Focused Attention is an Endangered Species
Dr. Daniel Goleman | 6:04
Transcript
What's surprising, at least to scientists is that the benefits from meditation show up right from the beginning. You can do, for example, mindfulness, that's pretty popular meditation. If you do mindfulness practice 10 minutes, a day, or 10 minutes three times over the course of a day, something remarkable happens to your attention. And that's the fact that has to do with the fact that we're all multitasking these days, you know, people on average, look at their email about 50 times a day, they look at their Facebook 20 Some times a day.
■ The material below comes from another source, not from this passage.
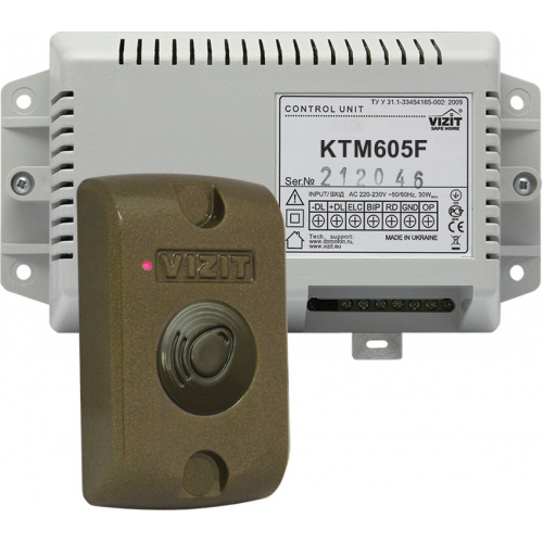 Контроллер ключей  VIZIT-КТМ605F. Открывание замка входной двери ключами VIZIT-RF3 (до 2680 ключей); привязка ключей к установленному PIN-коду; запись пользовательских ключей, ключей ОХРАНЫ и МАСТЕР ключа; звуковая сигнализация и световая индикация режимов работы; питание и управление открытием замка; таймер (1 или 7 сек); питание индивидуальных домофонов VIZIT; габариты: 165х90х60 мм; температура окружающей среды блока управления: +1°...+ 40°C; температура окружающей среды считывателя ключей: -40°...+ 50°C.

And that's just the tip of the iceberg.
There's Instagram, there's your phone calls, there's whatever it is you have to do. And what this means for attention is that we're challenged that focused attention is an endangered species. However, we need that focus to get work done well.
So it's a real problem. And meditation that turns out, even at the beginning has some of the answer goes like this, when you're really intensely focused on that one thing you have to do or you want to do, the paper you're writing or the project you're working on, then you think, Oh, I better check my email. And then that leads to your Facebook. And that leads to the phone call these we call this multitasking, the brain actually does not do.
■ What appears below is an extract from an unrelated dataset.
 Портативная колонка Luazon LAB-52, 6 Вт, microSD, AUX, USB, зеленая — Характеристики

Multitasking doesn't do several things at once, in parallel, rather, it works in serial, and it switches very rapidly from one thing to the next. Then when you go back to that project, or that whatever it was, you're so focused on, but your concentration had been at a very high level before you started doing the other things.
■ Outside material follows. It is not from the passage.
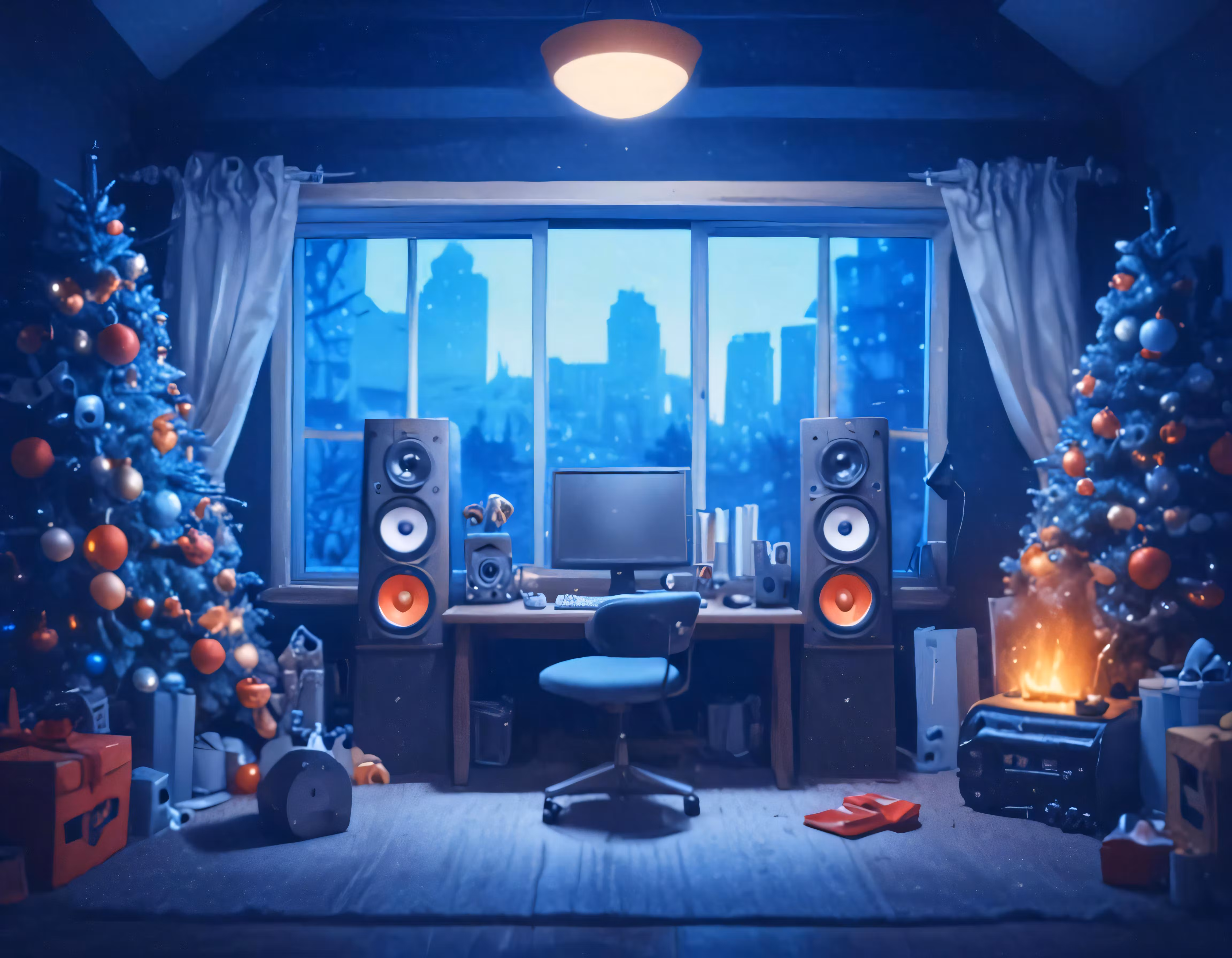High resolution picture, free to use, a computer with some ornaments in the corner

Now, it's much lower, it takes a while to ramp up to that same level, unless and this is so interesting, unless you've done that 10 minutes of mindfulness, focused on your breath, for example, just watched it in and out. I noticed when your mind wandered brought it back. That's the basic move in meditation. And if you do that, it turns out just 10 minutes of practice nullifies that loss of concentration. And this works. For example, for people who might do mindfulness in the morning, it will wane during the course of the day.
But if you do 10 more minutes at lunch, 10 more minutes at a break in the mid afternoon, it helps you through the day stay concentrated. So that is a very palpable concrete payoff from daily meditation that works for beginners. There are many others too, for example, in terms of handling stress, I mean, we're all stressed out these days. And beginners in mindfulness or other meditations, it turns out right from the get go, have a better reaction to stress. What that means is that, and we see this in brain function, the area of the brain, which reacts to stress called the amygdala, it's the trigger point for the fight or flight or freeze response. It's what makes us angry all of a sudden or anxious, all of a sudden, the amygdala is quieter. It's calmer in the face of stress. And this lets us be calmer in the face of stress. And this is another benefit that we see right from the beginning.